Live Canvas rendering
Section titled “Live Canvas rendering”The Live Canvas pushes agent-rendered content (HTML, SVG, Markdown, or plain text) to the dashboard’s Canvas page in real time. Multiple named canvases are supported; the dashboard shows the latest frame and every WebSocket subscriber receives new frames instantly.
Operator tools
Section titled “Operator tools”| Tool | Parameters | Purpose |
|---|---|---|
render_canvas | content (required), content_type (html | svg | markdown | text, default html), canvas_id (default default) | Push a frame to a canvas. |
clear_canvas | canvas_id (default default) | Clear a canvas and its frame history. |
{ "content": "<svg viewBox='0 0 100 100'><circle cx='50' cy='50' r='40'/></svg>", "content_type": "svg", "canvas_id": "default"}Gateway endpoints and live updates
Section titled “Gateway endpoints and live updates”The same canvas system is exposed over the gateway for subscribing browsers and external callers. The dashboard subscribes over WebSocket; you can also drive a canvas from REST.

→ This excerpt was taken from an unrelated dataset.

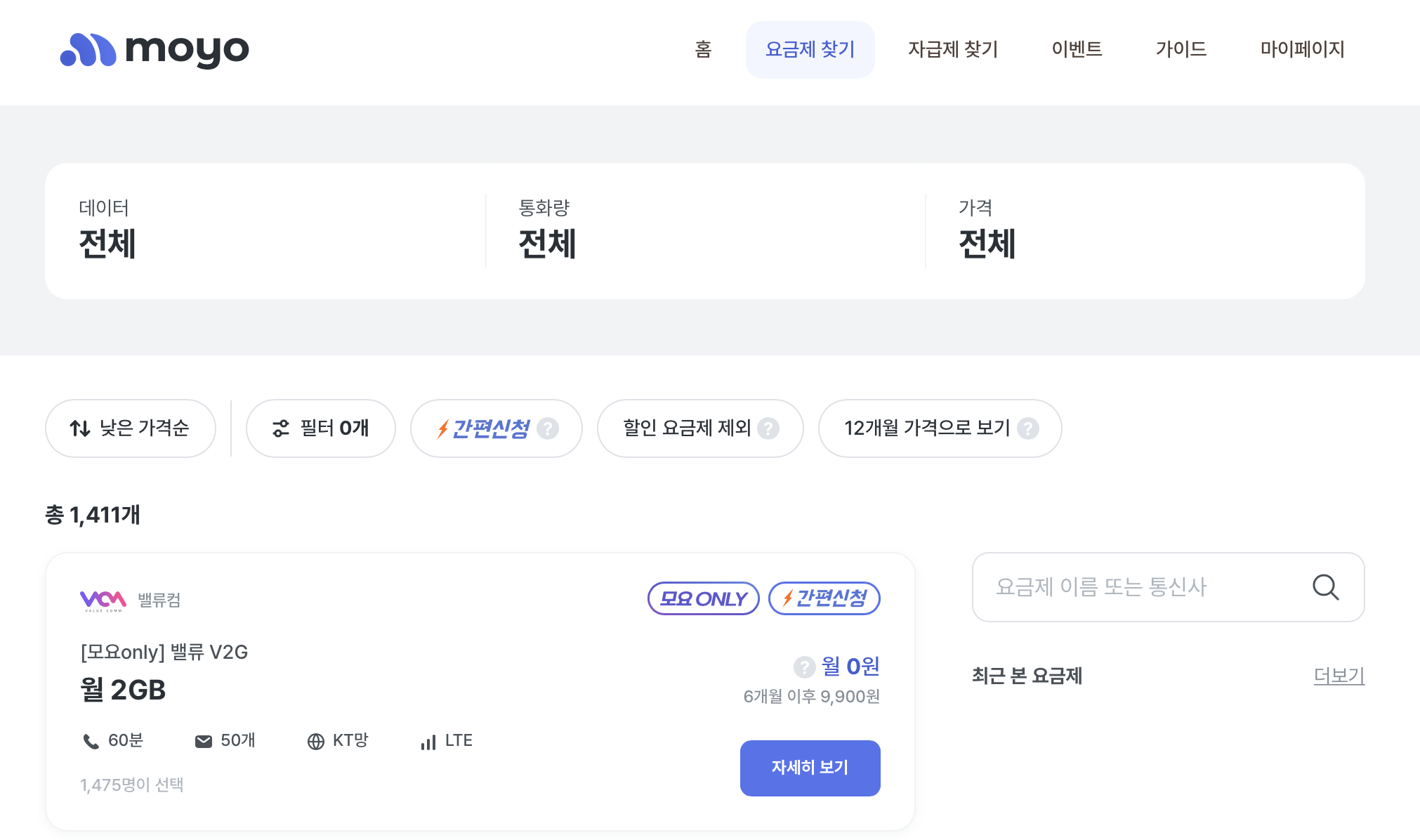 알뜰폰 요금제 비교 | 모요 (모두의 요금제)

ws://host:port/ws/canvas/<canvas_id>?token=<bearer>On connect, the gateway sends the current snapshot (if any), then {"type":"connected","canvas_id":"..."}. New content arrives as {"type":"frame","canvas_id":"...","frame":{}}. A slow subscriber that falls behind the broadcast ring buffer receives {"type":"lagged","missed_frames":N}.

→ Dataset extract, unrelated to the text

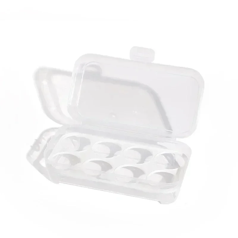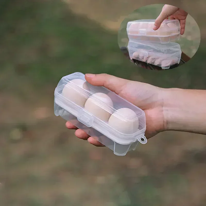 This egg storage box is designed for safe and organized transportation of eggs, making it ideal for camping, picnics, and refrigerator storage. It features a transparent design for easy visibility and comes in three sizes: 3 grids, 4 grids, and 8 grids.
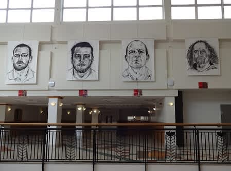寂しさを埋めるかのように、壁の高い位置にグロスター・ラグビー・チームの面々の肖像画が掛かっていました。

| Method | Path | Auth | Purpose |
|---|---|---|---|
GET | /api/canvas | Bearer | List active canvas IDs |
GET | /api/canvas/:id | Bearer | Get the current snapshot |
GET | /api/canvas/:id/history | Bearer | Get frame history |
POST | /api/canvas/:id | Loopback: none / external: Bearer | Push a frame |
DELETE | /api/canvas/:id | Loopback: none / external: Bearer | Clear the canvas |
A POST body matches the tool shape:
{ "content_type": "html", "content": "<h1>Live status</h1>" }For the full realtime surface, see Realtime: WebSocket, SSE & Live Canvas. On the dashboard side, see Agents, teams & canvas.

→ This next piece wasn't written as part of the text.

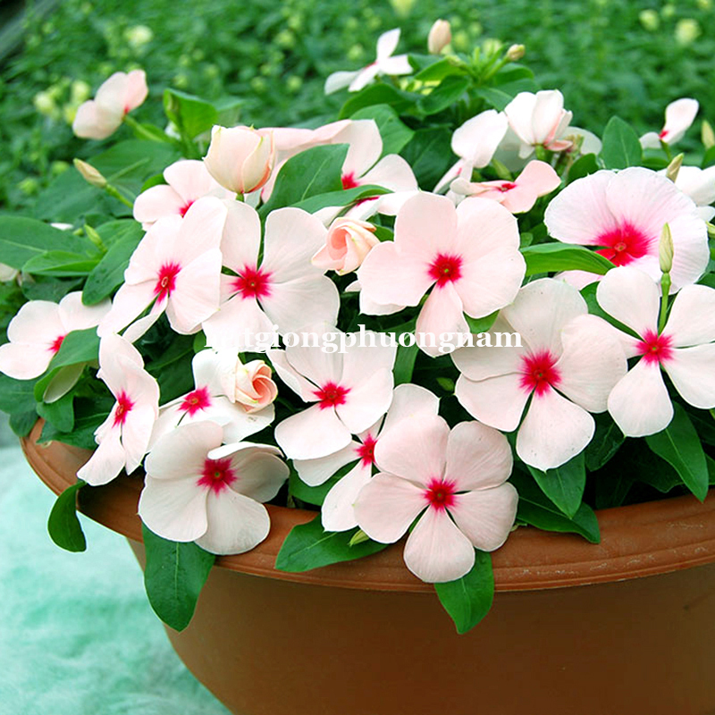 Hạt giống dừa cạn đứng siêu bông mix F1 là dòng hoa cảnh nổi bật với dáng cây đứng gọn, hoa nở cực sai và màu sắc phối mix rực rỡ. Nhờ ưu thế giống F1, cây sinh trưởng khỏe, chịu nắng tốt, ra hoa sớm và nở liên tục trong thời gian dài. Giống hoa này rất phù hợp trồng chậu, trồng bồn hoặc trang trí sân vườn, giúp không gian luôn tươi tắn, sinh động mà không tốn nhiều công chăm sóc.

Remote nodes (hardware / IoT)
Section titled “Remote nodes (hardware / IoT)”Remote nodes are external processes — phones, sensors, IoT devices, or remote machines — that connect to the gateway over WebSocket and advertise capabilities (for example camera.snap or shell.exec). Each advertised capability becomes a dynamically available agent tool, and the gateway dispatches invocations back to the originating node.
Operator tools
Section titled “Operator tools”| Tool | Parameters | Purpose |
|---|---|---|
list_nodes | (none) | List connected nodes and their capabilities. |
invoke_node | node_id (required), capability (required), args (default {}) | Invoke a capability on a node. |
Always call list_nodes first to discover what capabilities a node exposes, then invoke one:
{ "node_id": "phone-1", "capability": "camera.snap", "args": {} }Connecting a node
Section titled “Connecting a node”A node connects to the gateway’s dynamic node registry over WebSocket and registers its capabilities:
ws://host:port/ws/nodes?token=<bearer>Sub-protocol: revka.nodes.v1. The node sends a register frame; the gateway acks with registered:
{ "type": "register", "node_id": "phone-1", "capabilities": [ { "name": "camera.snap", "description": "Capture a photo from the rear camera", "parameters": { "type": "object", "properties": {} } } ]}When the agent invokes a capability, the gateway sends the node an invoke frame with a call_id, capability, and args; the node replies with a result frame (call_id, success, output, optional error). Capability parameters are a JSON Schema object, defaulting to {"type":"object","properties":{}}.
Auth and lifecycle:
- A node-specific
auth_tokenfrom config takes precedence; if no node token is configured, the gateway falls back to the standard pairing guard. node_idmust be 1–128 characters. Re-registering the samenode_idupdates the existing entry.- The registry has a configurable
max_nodescapacity. On WebSocket close, the node is automatically unregistered.
For the full node protocol and how capability names become agent tools, see Realtime: WebSocket, SSE & Live Canvas and the Hardware quickstart.